===== Task material

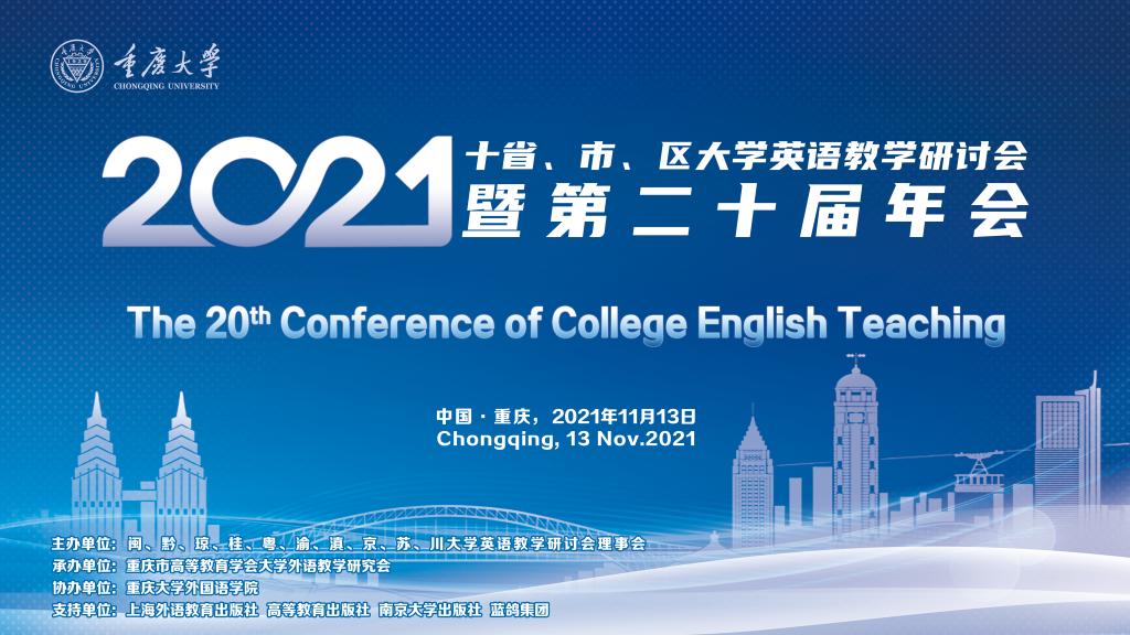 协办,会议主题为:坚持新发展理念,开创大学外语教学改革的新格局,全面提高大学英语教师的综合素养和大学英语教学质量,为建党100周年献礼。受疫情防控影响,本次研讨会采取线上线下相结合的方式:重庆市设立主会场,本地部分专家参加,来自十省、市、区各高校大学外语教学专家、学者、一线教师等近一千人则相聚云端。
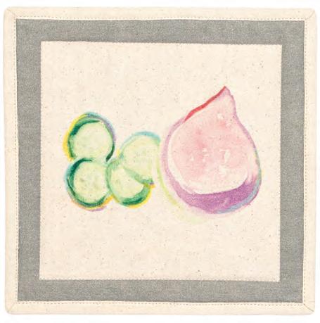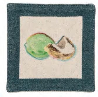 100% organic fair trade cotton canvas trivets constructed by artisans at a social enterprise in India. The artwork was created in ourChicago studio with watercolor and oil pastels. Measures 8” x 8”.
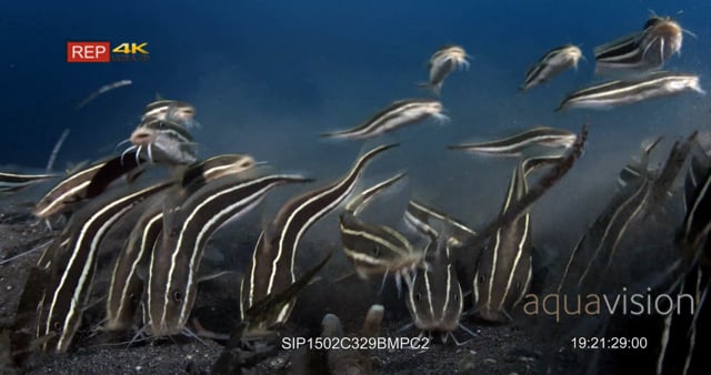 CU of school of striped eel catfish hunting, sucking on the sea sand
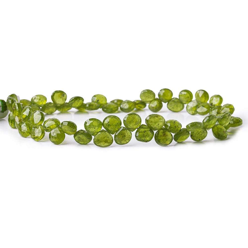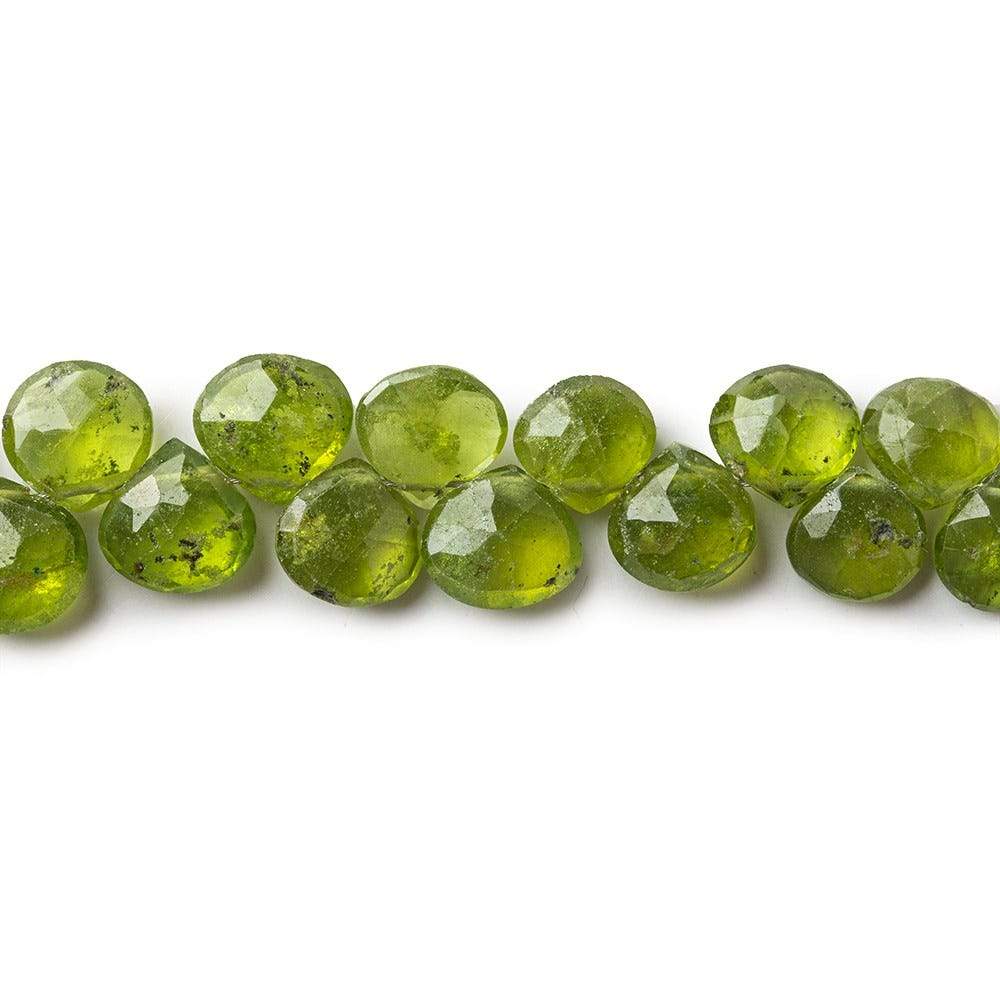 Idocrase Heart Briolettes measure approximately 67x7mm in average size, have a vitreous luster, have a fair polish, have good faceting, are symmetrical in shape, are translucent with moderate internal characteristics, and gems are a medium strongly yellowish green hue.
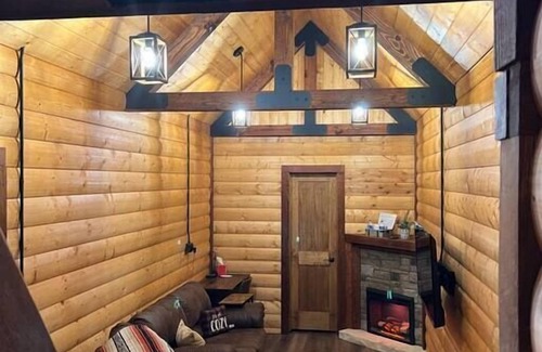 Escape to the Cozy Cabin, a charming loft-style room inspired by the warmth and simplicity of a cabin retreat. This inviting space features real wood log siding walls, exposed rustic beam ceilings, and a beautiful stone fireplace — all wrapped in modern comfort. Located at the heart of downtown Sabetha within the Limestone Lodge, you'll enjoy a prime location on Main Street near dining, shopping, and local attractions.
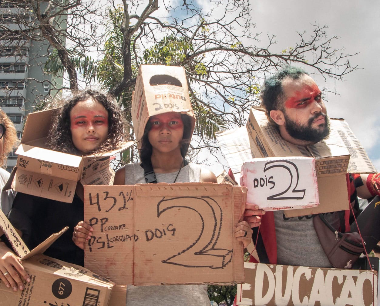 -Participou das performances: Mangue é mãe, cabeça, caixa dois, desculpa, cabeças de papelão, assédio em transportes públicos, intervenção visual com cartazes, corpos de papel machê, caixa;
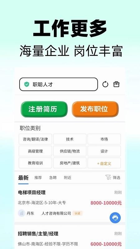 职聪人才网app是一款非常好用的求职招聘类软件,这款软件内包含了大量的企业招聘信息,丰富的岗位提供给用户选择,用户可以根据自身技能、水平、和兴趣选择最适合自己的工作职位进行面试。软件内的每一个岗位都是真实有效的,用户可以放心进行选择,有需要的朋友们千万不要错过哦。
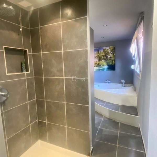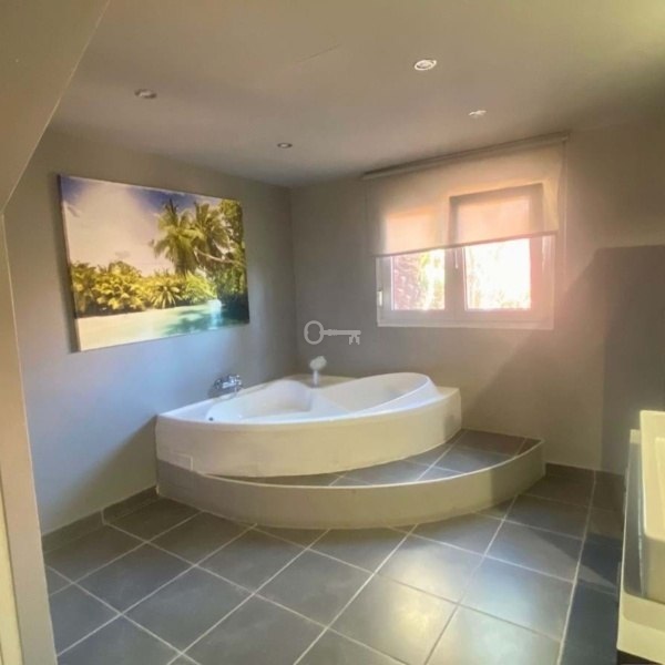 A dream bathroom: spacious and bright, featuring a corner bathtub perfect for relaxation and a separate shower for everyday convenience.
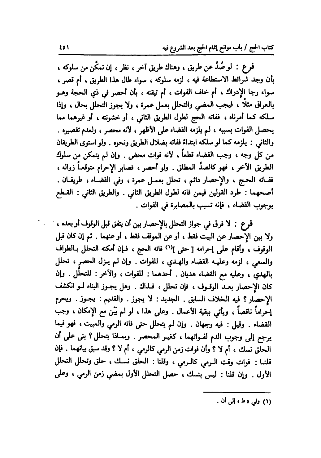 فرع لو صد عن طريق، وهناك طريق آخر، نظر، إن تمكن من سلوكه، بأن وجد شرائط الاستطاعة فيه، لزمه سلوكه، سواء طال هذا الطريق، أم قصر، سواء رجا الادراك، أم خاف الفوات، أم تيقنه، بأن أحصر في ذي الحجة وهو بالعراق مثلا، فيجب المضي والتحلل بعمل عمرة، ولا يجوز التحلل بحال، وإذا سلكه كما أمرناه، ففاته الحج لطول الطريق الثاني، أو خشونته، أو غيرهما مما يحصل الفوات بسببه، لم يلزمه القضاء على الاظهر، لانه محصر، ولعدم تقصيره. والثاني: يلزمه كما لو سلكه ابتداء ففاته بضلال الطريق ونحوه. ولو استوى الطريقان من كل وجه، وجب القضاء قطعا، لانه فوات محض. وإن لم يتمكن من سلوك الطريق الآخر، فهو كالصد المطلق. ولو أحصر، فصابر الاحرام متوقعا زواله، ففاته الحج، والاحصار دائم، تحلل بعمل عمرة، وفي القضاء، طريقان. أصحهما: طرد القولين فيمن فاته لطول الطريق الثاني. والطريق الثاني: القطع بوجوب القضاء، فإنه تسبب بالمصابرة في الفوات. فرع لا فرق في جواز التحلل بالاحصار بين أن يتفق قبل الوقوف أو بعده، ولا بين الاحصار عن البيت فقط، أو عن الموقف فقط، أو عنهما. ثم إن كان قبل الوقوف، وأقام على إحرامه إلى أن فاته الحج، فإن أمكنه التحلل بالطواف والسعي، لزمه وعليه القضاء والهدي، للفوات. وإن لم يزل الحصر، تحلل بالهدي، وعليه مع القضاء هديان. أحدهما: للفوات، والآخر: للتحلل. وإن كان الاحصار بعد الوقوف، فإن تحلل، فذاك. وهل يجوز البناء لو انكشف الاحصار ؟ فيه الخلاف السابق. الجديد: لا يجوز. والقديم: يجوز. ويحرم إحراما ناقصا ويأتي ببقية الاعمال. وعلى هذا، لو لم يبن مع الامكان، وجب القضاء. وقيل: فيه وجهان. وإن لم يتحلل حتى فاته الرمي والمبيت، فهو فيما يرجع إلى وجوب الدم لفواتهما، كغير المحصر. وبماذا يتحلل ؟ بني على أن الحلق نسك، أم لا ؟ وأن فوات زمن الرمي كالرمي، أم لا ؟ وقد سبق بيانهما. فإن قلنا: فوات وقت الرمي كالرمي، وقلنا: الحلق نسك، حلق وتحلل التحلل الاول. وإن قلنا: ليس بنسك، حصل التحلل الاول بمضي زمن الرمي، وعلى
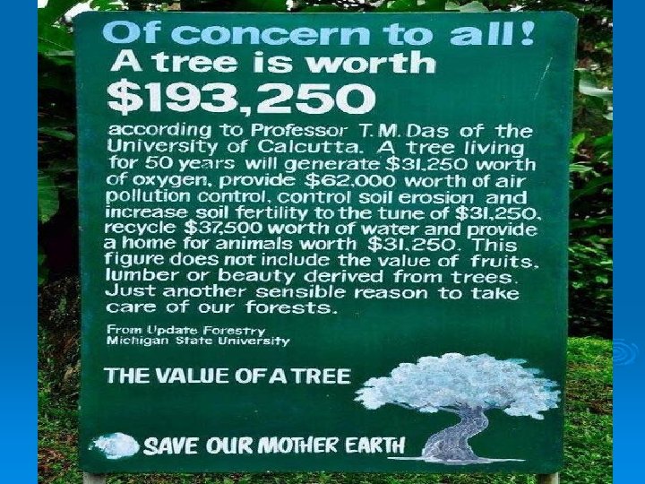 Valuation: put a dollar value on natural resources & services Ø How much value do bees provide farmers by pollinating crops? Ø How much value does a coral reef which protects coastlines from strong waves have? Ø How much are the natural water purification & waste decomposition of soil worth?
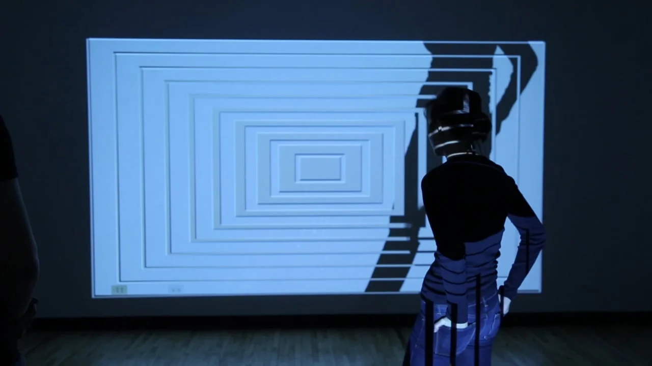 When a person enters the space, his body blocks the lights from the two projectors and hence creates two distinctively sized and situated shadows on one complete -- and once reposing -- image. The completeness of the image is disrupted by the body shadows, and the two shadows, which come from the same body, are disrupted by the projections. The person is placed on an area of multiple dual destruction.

==========

About this exercise
All that should be printed is the run of lines above from the one with "Escape to the" through the one with "A dream bathroom: spacious", both included, exactly as given, with pictures left out.

Answer box
 Escape to the Cozy Cabin, a charming loft-style room inspired by the warmth and simplicity of a cabin retreat. This inviting space features real wood log siding walls, exposed rustic beam ceilings, and a beautiful stone fireplace — all wrapped in modern comfort. Located at the heart of downtown Sabetha within the Limestone Lodge, you'll enjoy a prime location on Main Street near dining, shopping, and local attractions.
 -Participou das performances: Mangue é mãe, cabeça, caixa dois, desculpa, cabeças de papelão, assédio em transportes públicos, intervenção visual com cartazes, corpos de papel machê, caixa;
 职聪人才网app是一款非常好用的求职招聘类软件,这款软件内包含了大量的企业招聘信息,丰富的岗位提供给用户选择,用户可以根据自身技能、水平、和兴趣选择最适合自己的工作职位进行面试。软件内的每一个岗位都是真实有效的,用户可以放心进行选择,有需要的朋友们千万不要错过哦。
 A dream bathroom: spacious and bright, featuring a corner bathtub perfect for relaxation and a separate shower for everyday convenience.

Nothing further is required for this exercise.